I never used a vibrator until I hit menopause and then started having problems having orgasms. Once I started using them, I found I could not have one unless I used a Hitachi wand. My body got use to the intense vibration - and I had to retrain it to respond to other stimulation again. I started by retraining it to respond to other vibrators. Not all worked, but I found a couple of smaller ones that did. In my retraining efforts I figured out just how much of a part my brain plays in the whole process and I started concentrating on the pleasure and not worrying about orgasms, I found that fantasizing helped a lot with increasing the pleasure levels. This was not a simple process - and it took a lot of time - a lot of reading and research too. 

I had been trying on and off to cum without any vibrator and was not successful for many months - until one night. I was really really horny.
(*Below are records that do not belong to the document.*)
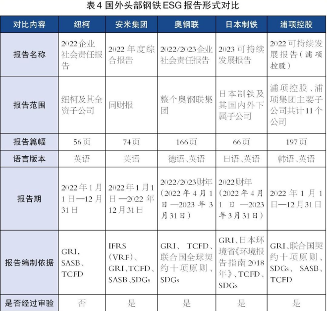 通過對比5家國外頭部鋼鐵企業的ESG報告(如表4所示),可以發現: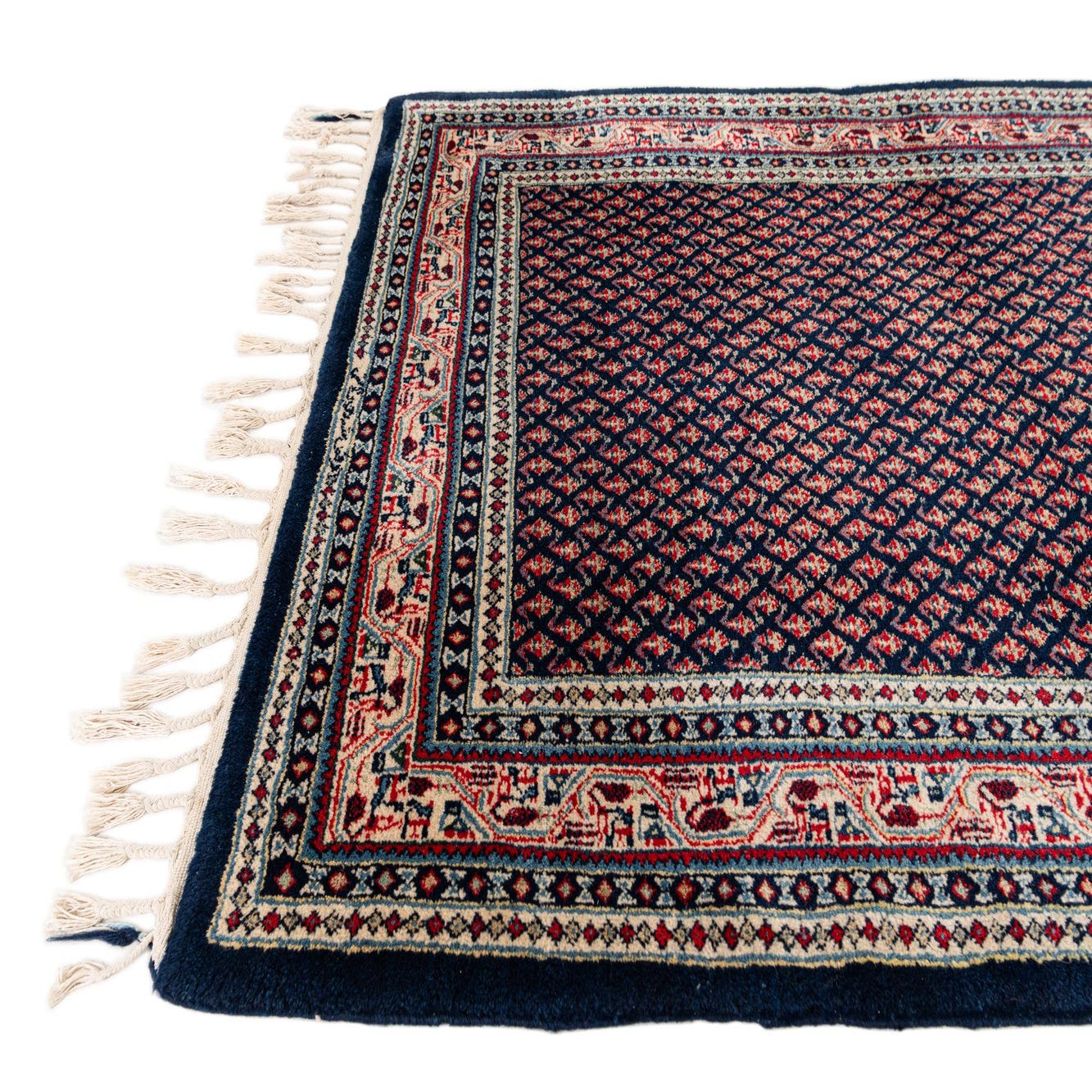 A 4x6 rectangular Rugs.com Mir rug with a navy blue field and intricate red, blue, and cream traditional Oriental pattern, featuring a detailed border and fringe.
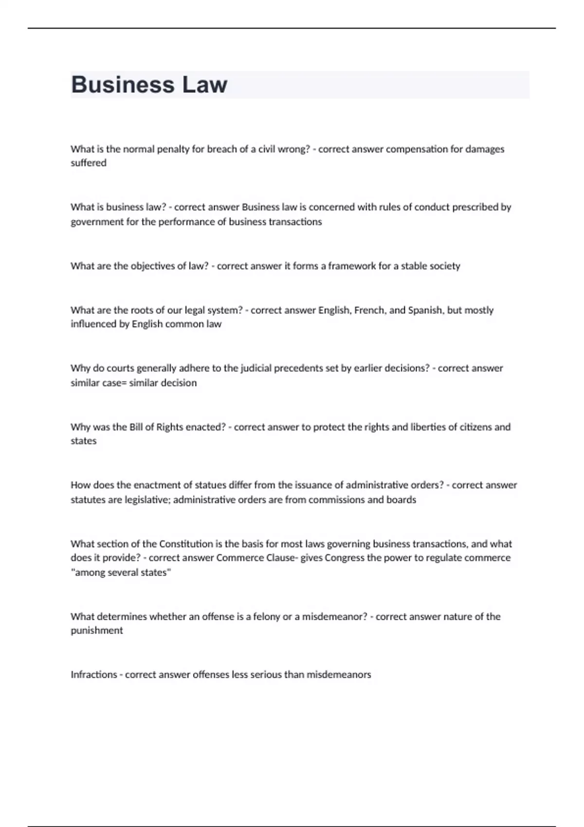 business law Collin College -Business Law correctly answeredWhat is the normal penalty for breach of a civil wrong? - correct answer compensation for damages suffered What is business law? - correct answer Business law is concerned with rules of conduct prescribed by government for the performance of business transactions What are the objectives of law? - correct answer it forms a framework for a stable society What are the roots of our legal system? - correct answer English, French, and Spanish, but mostly influenced by English common law Why do courts generally adhere to the judicial precedents set by earlier decisions? - correct answer similar case= similar decision Why was the Bill of Rights enacted? - correct answer to protect the rights and liberties of citizens and states How does the enactment of statues differ from the issuance of administrative orders? - correct answer statutes are legislative; administrative orders are from commissions and boards What section of the Constitution is the basis for most laws governing business transactions, and what does it provide? - correct answer Commerce Clause- gives Congress the power to regulate commerce "among several states" What determines whether an offense is a felony or a misdemeanor? - correct answer nature of the punishment
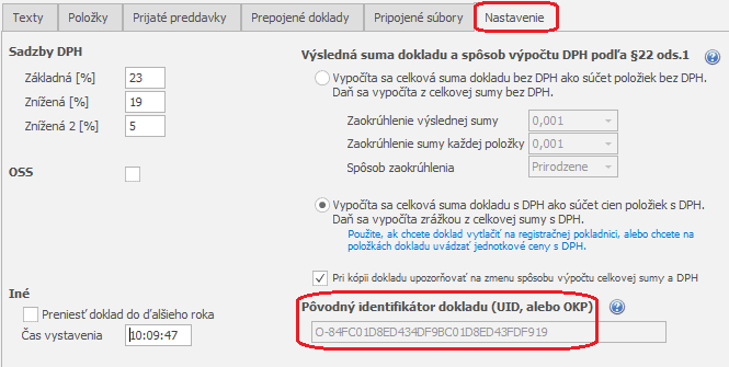 Pri evidovaní dokladu Vrátenie pomocou dodacích listov sa pôvodný identifikátor dokladu nachádza v záložke Nastavenie.

We had gone to visit one of our married kids - and I didn't pack the vibrator. We had sex late one night - but I didn't cum. As I lay there - totally frustrated - and hubby was snoring contently by my side. I started to just rub myself - using a lot of lube - and started playing scenes in my head that turned me on. It took a while - I think it was close to 2 hours (I would quit for several minutes and then start up again), and I finally went over the edge. Let me tell you - it was really a very intense orgasm. 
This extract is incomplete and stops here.